RECORD EXCERPTS >>

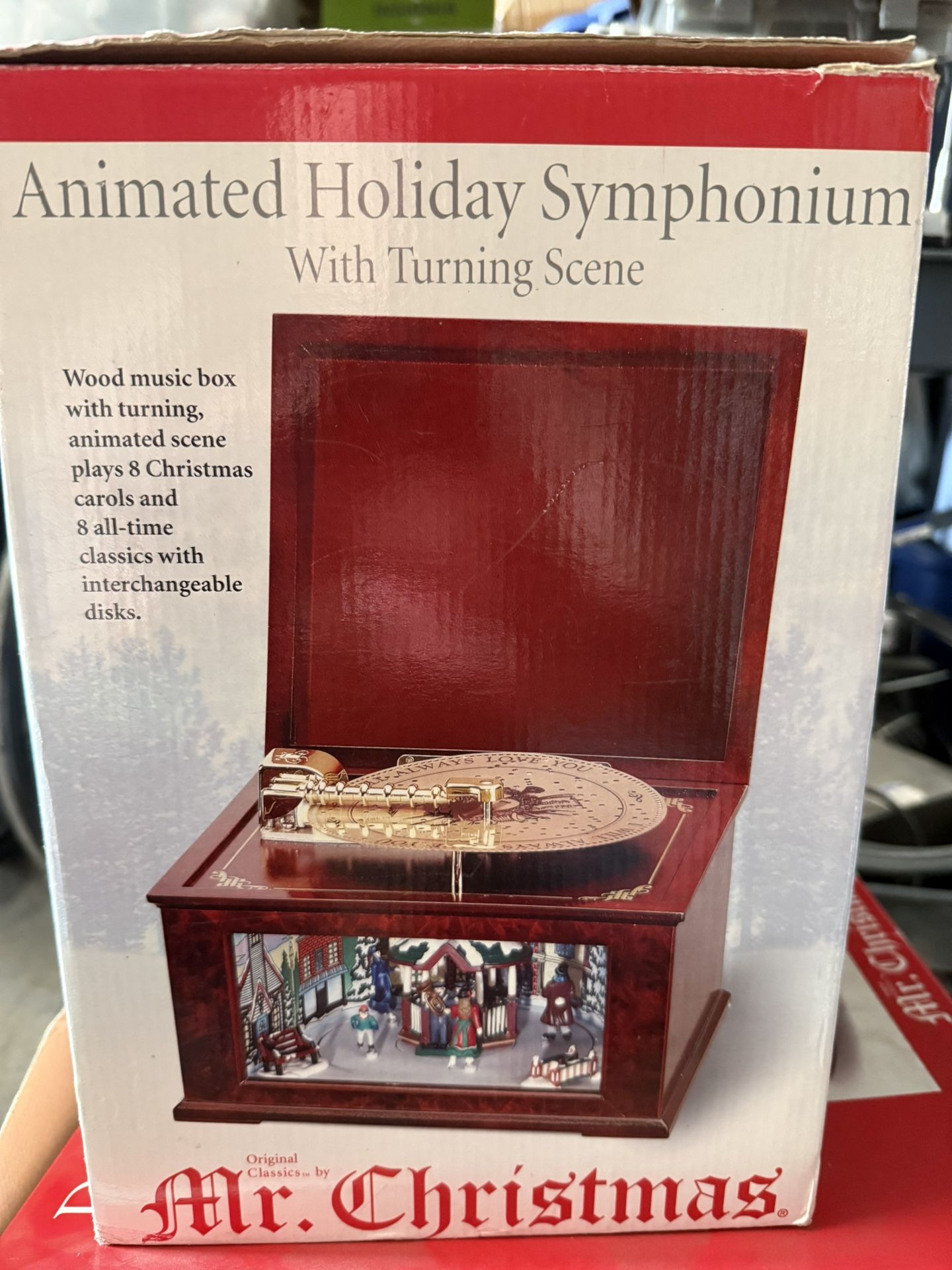 This a fully animated made of wood symphonium with turning scene. Perfect condition like new in the box.
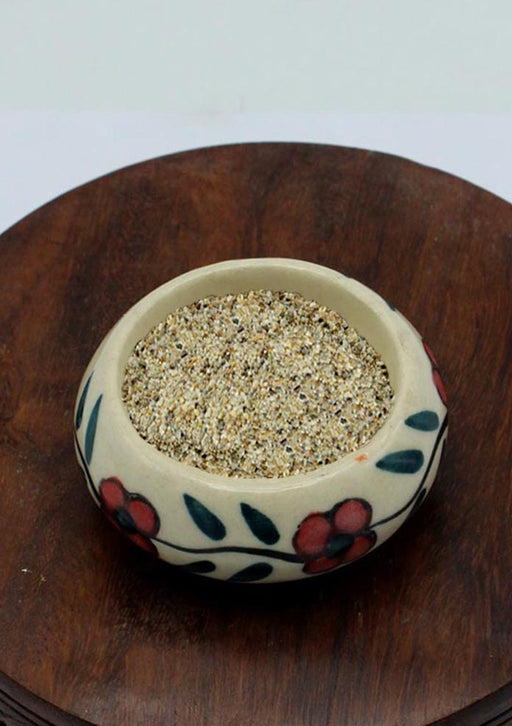 This is a finely handcrafted clay incense burner or 'Makal'. It is especially used for resin or powder incense. The handle on this incense burner m...
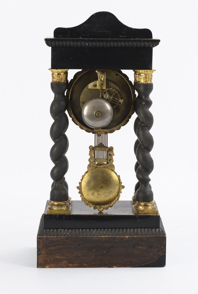 Portal form with 4 turned columns, curved pediment and stepped base. Bright floral marquetry and thread inlays, relief stained bezel and stained pendulum. Signs of age and use, base loose, defects, veneer flaws, pendulum spring defective.
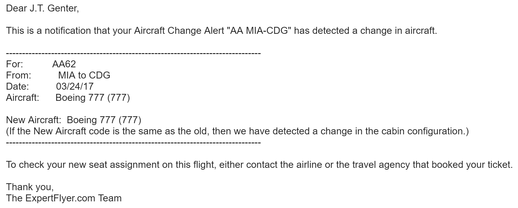 In terms of how to avoid this the next time around, the answer is simple: ExpertFlyer Aircraft Change Alerts. I have found it incredibly helpful to set aircraft change alerts for all of my flights, especially on American Airlines — which is known for its last-minute aircraft changes.
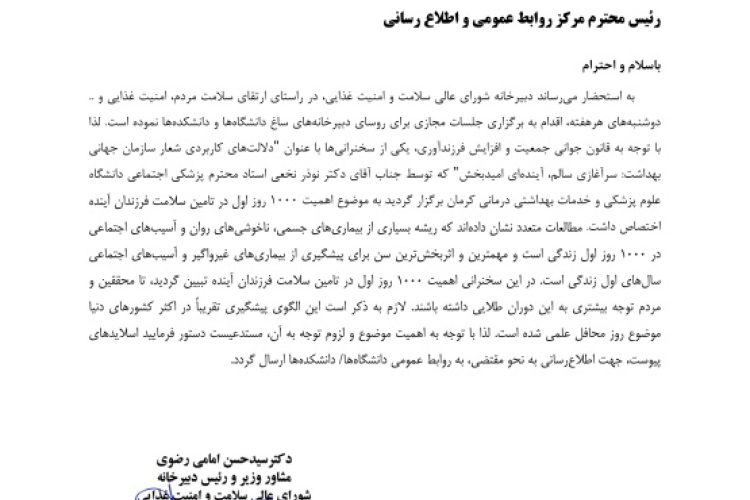 با توجه به اهمیت 1000 روز اول زندگی به عنوان " اثر بخش ترین سن برای پیشگیری از بیماری های غیر واگیر و آسیب های اجتماعی ( دوران طلایی) به لینک مربوطه مراجعه فرمایید.
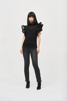 Joseph Ribkoff Chiffon Pleated Top With Ruffled Sleeves-JR-243957
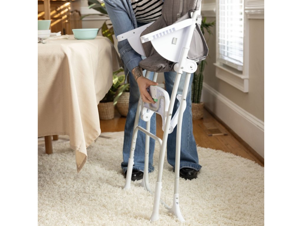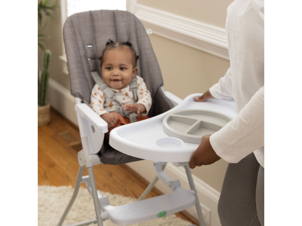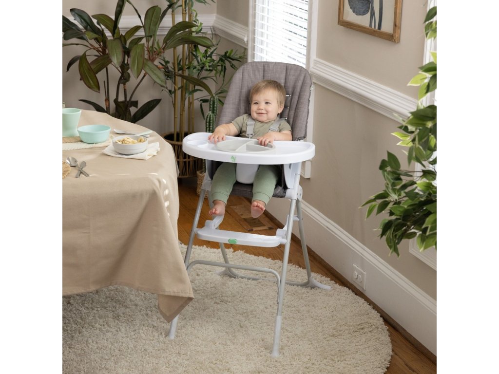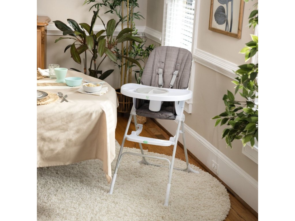 Ušetrite miesto vo svojom dome a doprajte dieťaťu vynikajúci zážitok z jedla s kompaktnou skladacou vysokou stoličkou ity by Ingenuity Sun Valley. Ľahká, moderná vysoká stolička má kompaktný dizajn pre ľahké skladovanie a prenosnosť. Táto štíhla stolička sa dá zložiť naplocho a keď je zložená, sama stojí.
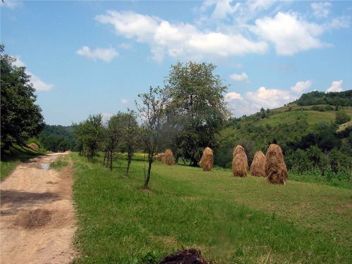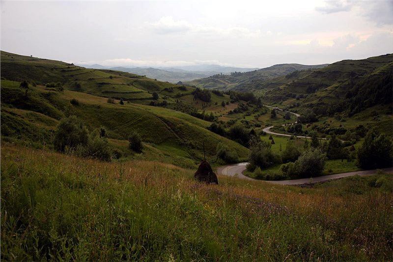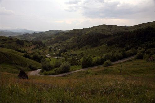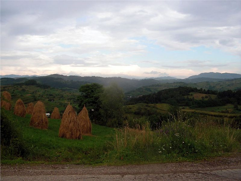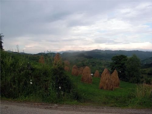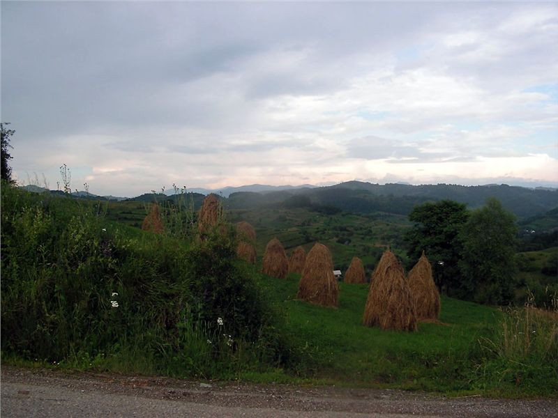 Cestu zpět si zkracujeme přes Bocicoel, zase podle mapy po hodně vedlejší silnici. Prima, buď projedeme, nebo se vrátíme. Bude dobrodrůžo. Silnice je ale moc pěkná, žádné vzrůšo se nekoná, jen ty pohledy kolem, to je paráda. Znovu stavíme, fotíme. Honza říká, že by tady vydržel týden se toulat po kopcích a fotit. V sedýlku máme projeté hory za námi s údolíčkem jako na dlani a před námi další údolí. Okolo na kopcích panáci slámy, ale jinak, než u nás kopky. Zřejmě je sláma pověšená na kůlu s ponechanými bočními větvemi. Z každé kopky tedy kouká vzhůru klacek. A často jsou u silnice „Boží muka“ s čerstvými živými kytkami. Je tady fakt pěkně a dnešní vejletík cca 200 km stál za to. No a zítra – zítra se již suneme dál po vyhlídkové silnici přes Borsu na východ k Vodometu a dál. Je na co se těšit.
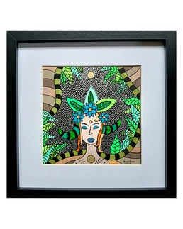 La Gardienne des Mondes Intérieurs - Tableau d'art contemporain réalisé au marqueur acrylique type Posca sur papier pur coton 300g. Format 20x20cm. Cadre MDF noir (fibres de bois). 2025.
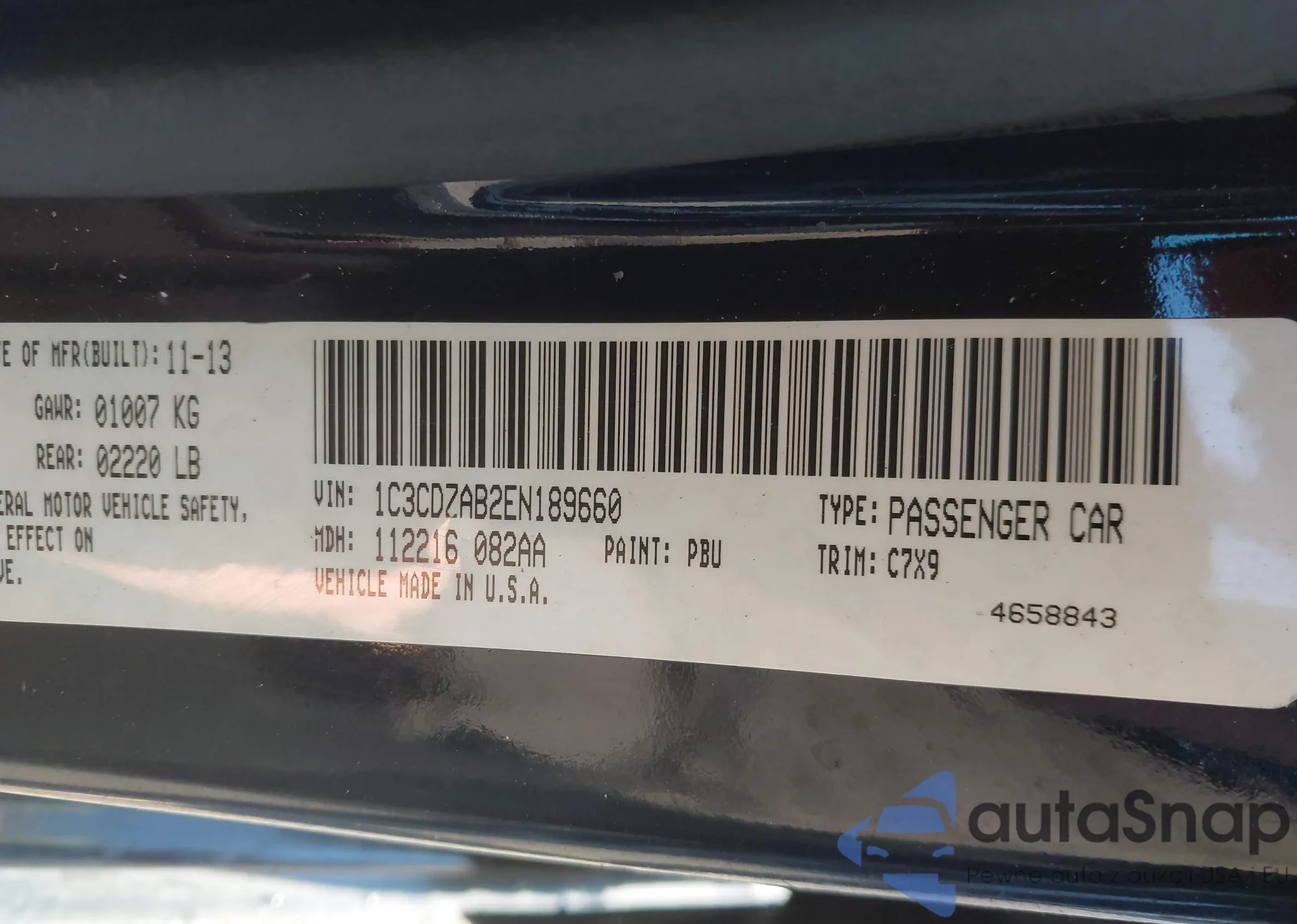 LOT: 43542960 VIN: 1C3CDZAB2EN189660
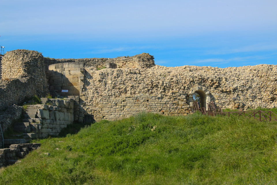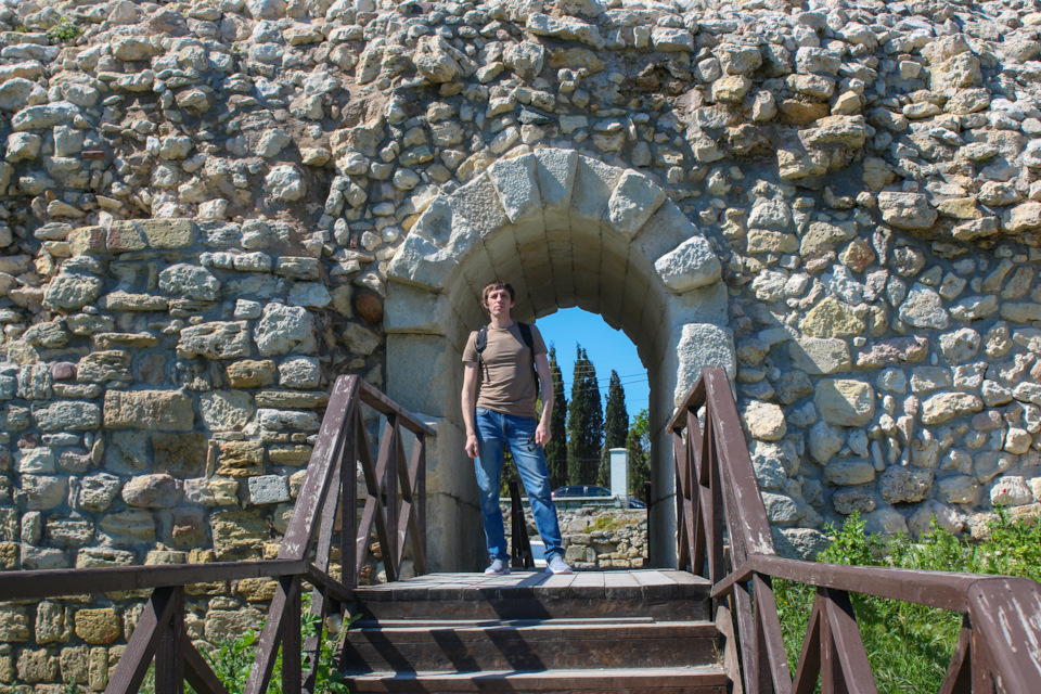 Арочный проём в крепостной стене. По фото можно примерно оценить толщину крепостных стен — порядка 1,5–2 метров! Очень достойно для античности.
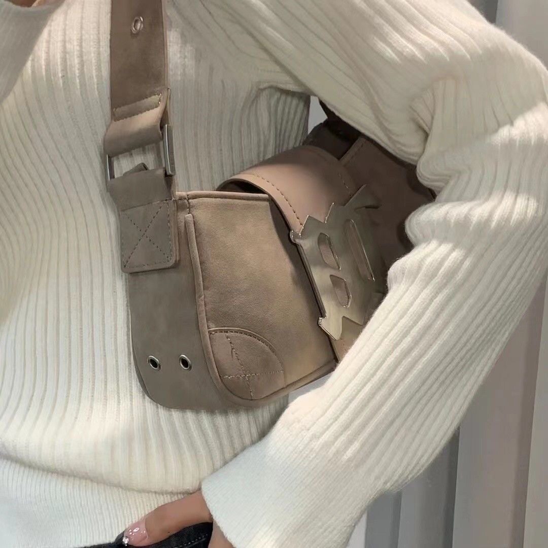 复古麂皮包女2025新款小众设计手提斜挎包百搭高级感绑带磨砂包
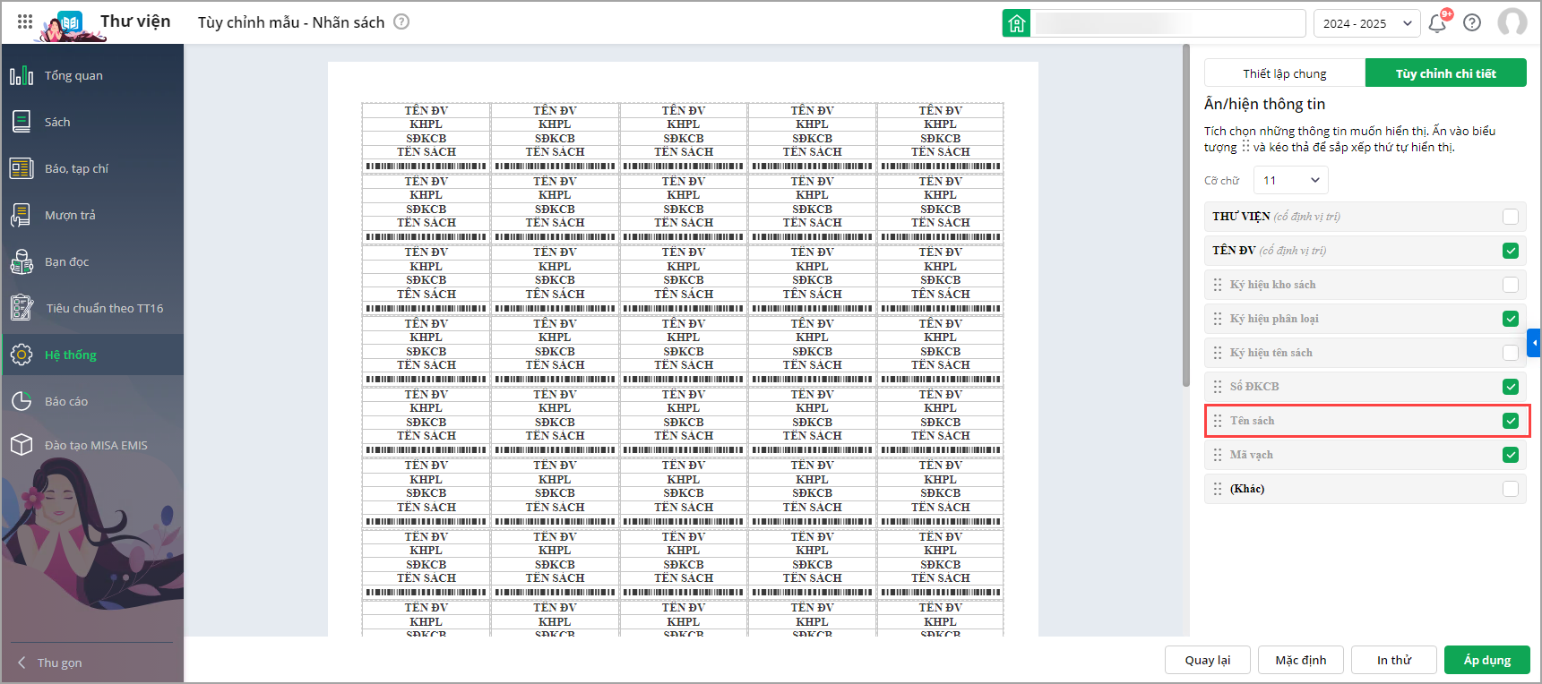 - Bổ sung lựa chọn hiển thị Tên sách: Nếu tích chọn thì sẽ hiển thị Tên sách trên các nhãn sách tối đa 100 ký tự

ASSIGNMENT >> Lines from the start of the material through the line containing "Portal form with" are to be restated word for word; no picture may be included.

SOLUTION TO THIS EXERCISE >>
 This a fully animated made of wood symphonium with turning scene. Perfect condition like new in the box.
 This is a finely handcrafted clay incense burner or 'Makal'. It is especially used for resin or powder incense. The handle on this incense burner m...
 Portal form with 4 turned columns, curved pediment and stepped base. Bright floral marquetry and thread inlays, relief stained bezel and stained pendulum. Signs of age and use, base loose, defects, veneer flaws, pendulum spring defective.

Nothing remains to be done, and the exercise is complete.